Lately I’ve been thinking a lot about vulnerability, the kind of person I want to be, and the kind of people I want to be around.
I suppose “lately” is misleading. I’ve probably thought a lot about these things for much of my adult life but never had much affordance for actually solving them.
I’ve been jumping around the country ever since graduating college, entering new social circles and trying on different hats. I have evolved since that beginning. My friendships have grown. Yet there are still times I feel alone and disconnected.
There was a time when I felt that “needing another person” was a sign of weakness (in me, not in others). I wanted, for myself, the ability to be happy regardless of who was around me at the time. I wanted to be resilient against potential risks, and relying on other people was a risky proposition.
Even my preferred relationship style protected me against that risk. I entered relationships mainly with people who I could tell were staunchly independent and didn’t need me for emotional support and would understand that I was going to do what I wanted, above all else.
(I don’t know why I’m talking in past tense, by the way. This is all still pretty true.)
I have made connections with many people, in small and large ways. I feel close to people now more than ever before. But I still don’t tend to go so far as to let anyone "lean on me", and I don’t lean on others.

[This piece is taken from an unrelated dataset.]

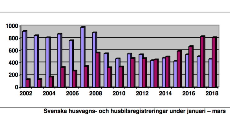 Under mars månad 2018 registrerades 295 husvagnar. (Motsvarande månad året dessförinnan registrerades 381 stycken.) Hittills under 2018 betyder det 461 registrerade husvagnar mot 501 under samma period 2017. I procent innebär detta en minskning med 7,98 procent.

I share my feelings. Sometimes I let a little vulnerability show here and there, but usually I don’t speak straight from my heart. I speak from my mind, where it’s easier to get distance from my feelings.
In my most vulnerable states, I am usually alone. And I feel safe there.
Something in me refuses to trust another human being with my entire self.
But I think something in me also desires to have such a trust.
I’m trying to ask my System 1 what’s going on with this. I think it’s complicated.